Data Science Interviewing Pt. 2: Area Under the Curve Edition

April 15, 2022

During a past interview, I was subjected to an hour take-home coding challenge in which I was asked to implement various coding exercises from scratch in my programming language of choice. In this post, I’ll provide an overview of one of the exercises from that coding challenge, which was to calculate the area under the curve given a set of points using the trapezoidal rule, and a basic implementation of it in Python.

What is the Trapezoidal Rule?

The trapezoidal rule is an integration technique used to approximate the definite integral of a function.
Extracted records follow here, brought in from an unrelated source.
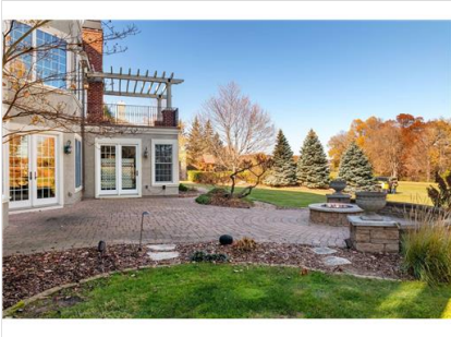
Another great angle...
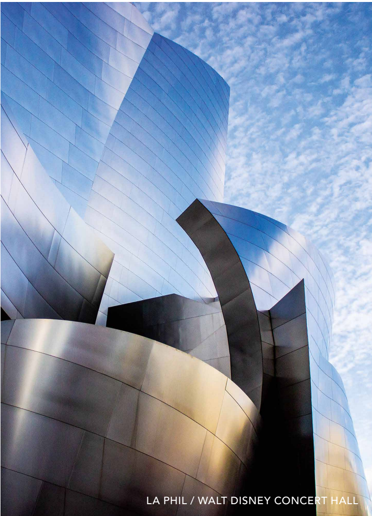
LA PHIL / WALT DISNEY CONCERT HALL
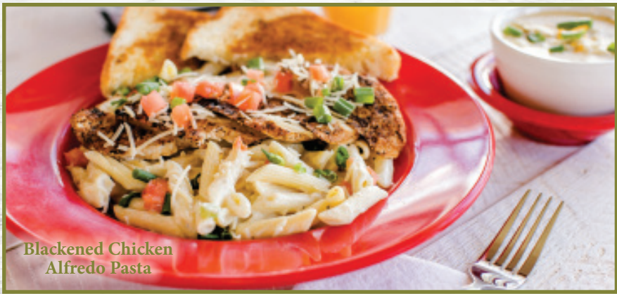
Blackened Chicken Alfredo Pasta

Served with Choice of Grandma's Vegetable Soup or Loaded Potato Soup.

It divides the area under a curve into a series of trapezoids and calculates the sum of their areas to estimate the integral.

How does this Relate to Data Science?

There are several potential applications of the trapezoidal rule in data science, but the one I want to focus on in this section is evaluation metrics.
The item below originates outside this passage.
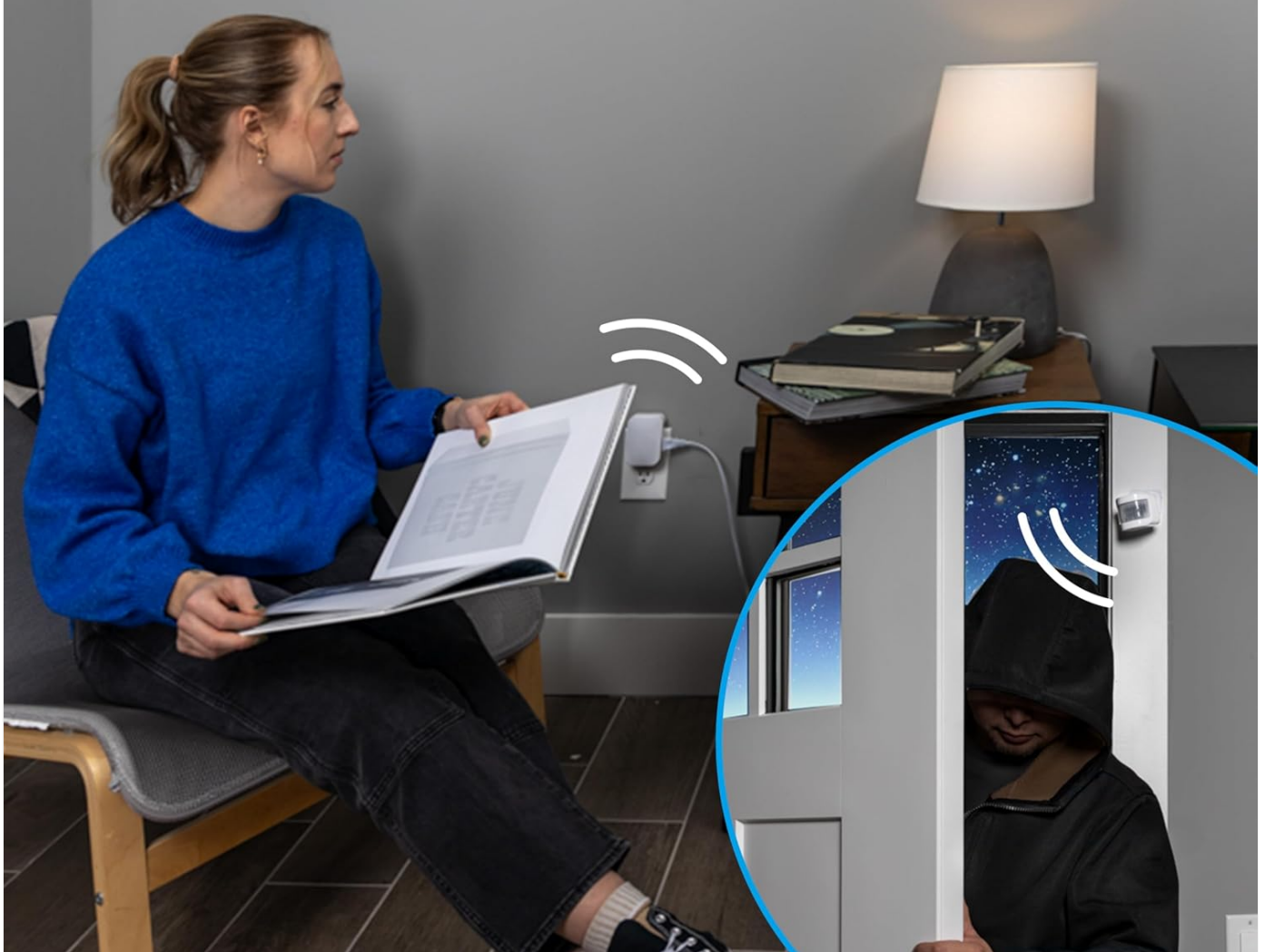
Image: A visual representation of the motion sensor detecting movement, automatically activating a connected device. The image shows a person reading and a separate scene of a person entering a room, triggering the sensor.

Evaluation metrics like Receiver Operating Characteristic (ROC) curves and Precision-Recall (PR) curves are used to assess the performance of classification models.
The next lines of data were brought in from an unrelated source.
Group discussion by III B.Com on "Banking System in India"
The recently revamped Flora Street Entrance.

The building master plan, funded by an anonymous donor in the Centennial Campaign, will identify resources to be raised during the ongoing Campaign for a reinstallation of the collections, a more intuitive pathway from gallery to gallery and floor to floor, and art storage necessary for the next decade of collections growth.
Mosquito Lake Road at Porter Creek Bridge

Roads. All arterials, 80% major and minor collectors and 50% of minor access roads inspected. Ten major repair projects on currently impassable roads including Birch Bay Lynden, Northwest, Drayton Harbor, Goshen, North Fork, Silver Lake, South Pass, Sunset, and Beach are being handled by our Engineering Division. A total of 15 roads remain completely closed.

ROC curves are typically used to evaluate binary classification models by illustrating the trade-off between the true positive rate (TPR) and the false positive rate (FPR). A quick refresher on TPR and FPR…

Let’s assume that you, the reader, go on a fishing trip and you only want to catch mahi-mahi.

True Positive Rate: Measures the proportion of mahi-mahi that you successfully caught out of all of the mahi-mahi present in the ocean. TPR = True Positives / (True Positives + False Negatives)

False Positive Rate: Measures the proportion of non-mahi-mahi that you caught that were incorrectly identified as mahi-mahi. FPR = False Positives / (False Positives + True Negatives)

ROC curves are created by plotting the TPR on the y-axis and the FPR on the x-axis at different classification thresholds. The optimal point on a ROC curve will depend on the requirements of the problem, specifically the relevant importance of maximizing true positives while minimizing false positives.

PR curves are typically used to evaluate binary classification models by illustrating the trade-off between precision and recall. Another quick refresher, but this time on precision and recall…

Let’s assume that you go on another fishing trip and you still only want to catch mahi-mahi.

Precision: You catch 10 fish in total, and 9/10 were mahi-mahi and 1/10 was a magikarp. In this case, your precision would be high because you had a large number of true catches, the majority of the fish you caught were mahi-mahi, while you had a small number of false catches, only one non-mahi-mahi. Precision = True Positives / (True Positives + False Positives)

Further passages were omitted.